Женя не мог сказать, с какого времени начал себя помнить. Были ничтожные или непонятно-прелестные воспоминания – игра, ласка, запах летнего сада; но это тонуло в тумане детства, легендарного существования, бросающего на целую жизнь свой свет.

И лишь много позже выяснилось для него, что начало жизни проходило в деревне. Навсегда врезался двухэтажный белый дом на взгорье, почти среди села; дорога к церкви, усаженная ракитами; бело-розовая церковь с раздольным погостом, откуда видны луга, с разметавшейся "поповкой", – там жил причт. Наискось через улицу большой сад. Здесь уже слегка таинственно, и некоторое очарование представляли его дальние липовые аллеи, выходившие за село, в поле; глухие места, заросшие бурьяном и крапивой; маленький овражек, где валялись лошадиные кости и росли особенные, белые цветы.

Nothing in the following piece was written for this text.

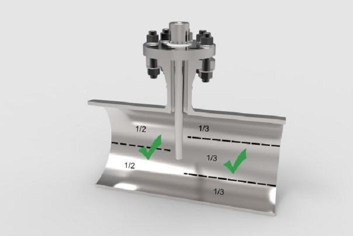 Le capteur doit toujours être positionné au milieu ou au tiers central du tuyau. De nombreuses normes spécifient des longueurs d’insertion minimales. Dans l’API RP 551-2016, par exemple, il est établi 50 mm comme minimum de base, ou 75 mm pour les thermomètres à résistance et bilame.
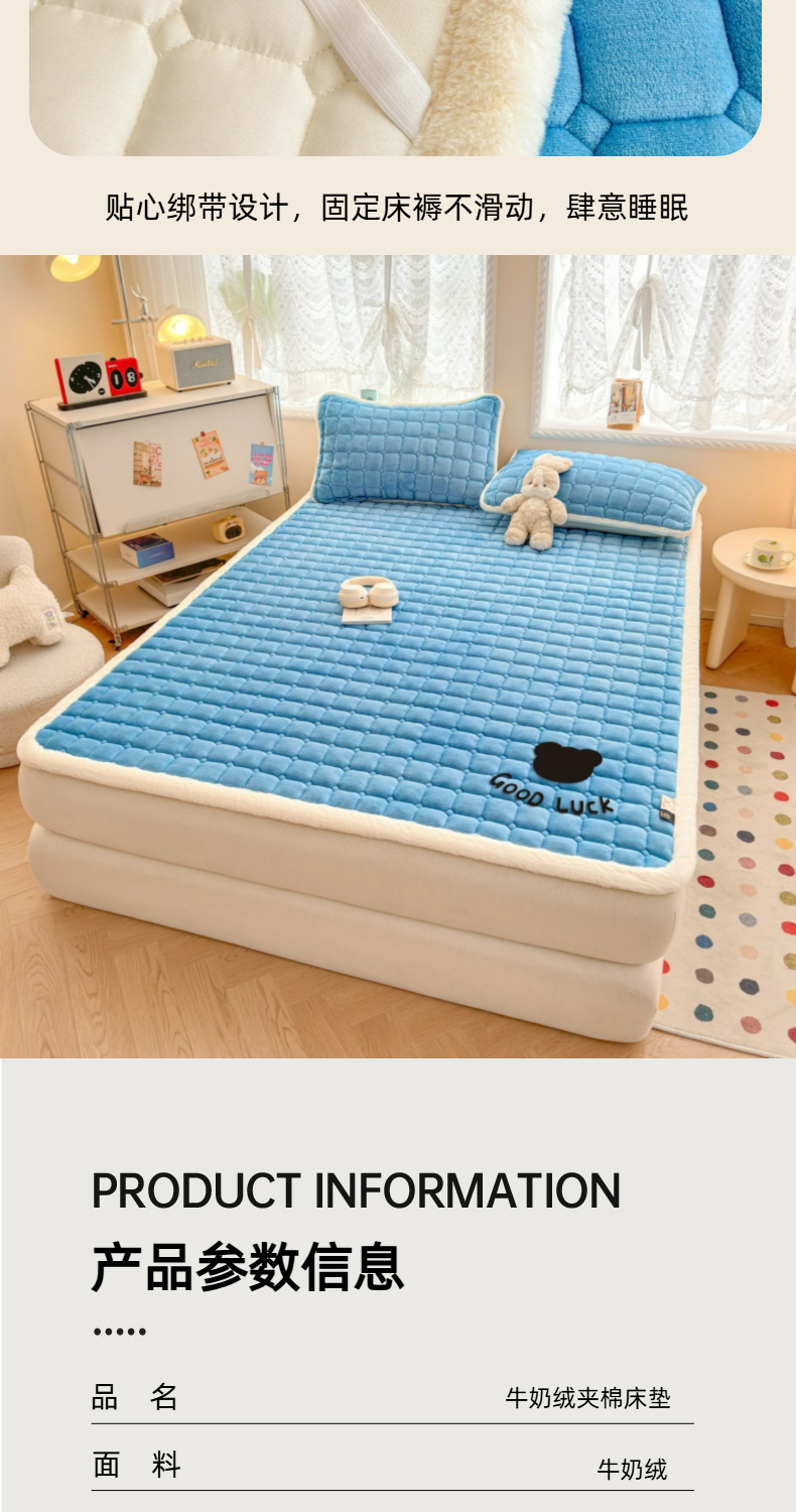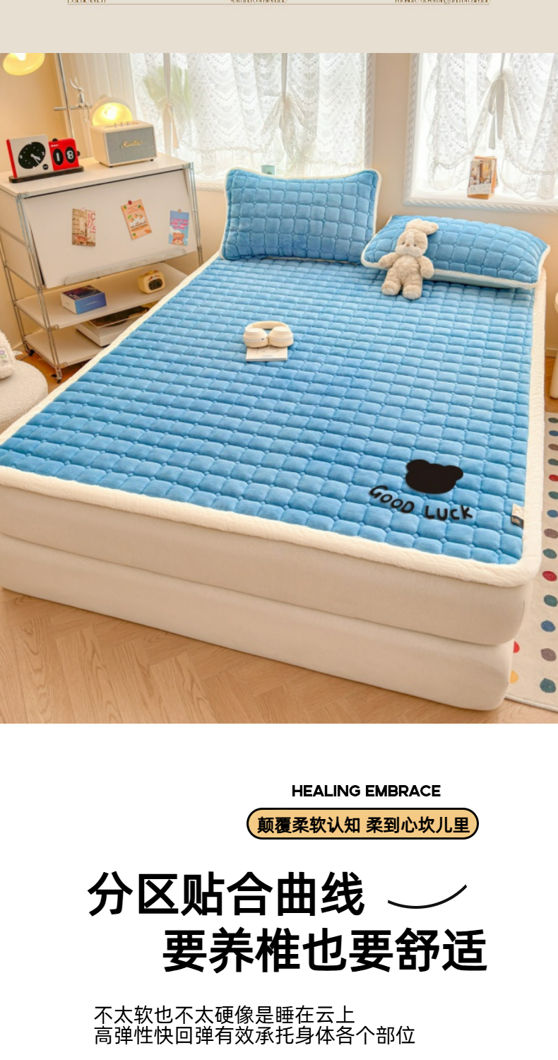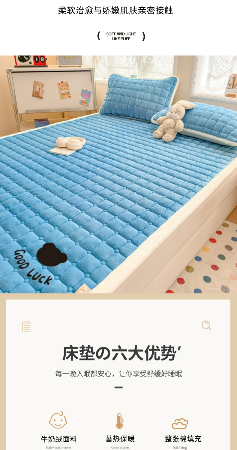 当前位置: 91家纺网 > 商品网购 > 床垫/床褥 > 普通床垫 > 爱屋及屋 2025新款牛奶绒纯色床护垫-好运熊大床系列 海蓝

А далеко вокруг дома, церкви, сада, села, расположенного на полухолме, – синели кольцом леса. Что было в них, какие жили звери или разбойники, этого детский ум не знал. Но их названия были внушительны, иногда жутки: Брынский лес, Козий бор, Чертолом. Эти леса и поля, шедшие к ним, и речки среди ровных лугов присылали с ветрами свои благоухания – девственную крепость, чистоту, силу. Жизнь маленьких людей была овеяна ими. Не оттого ли все в те дни – во время Эдема – казалось острым и дивным, как божественный напиток?

II

Из окон Жениной детской, во втором этаже, виднелся склон к речке, луга и далекий закат на горизонте. Много свету было в этом виде. Как будто окна выходили вообще на Божий мир, лежавший в таком просторе и ясности.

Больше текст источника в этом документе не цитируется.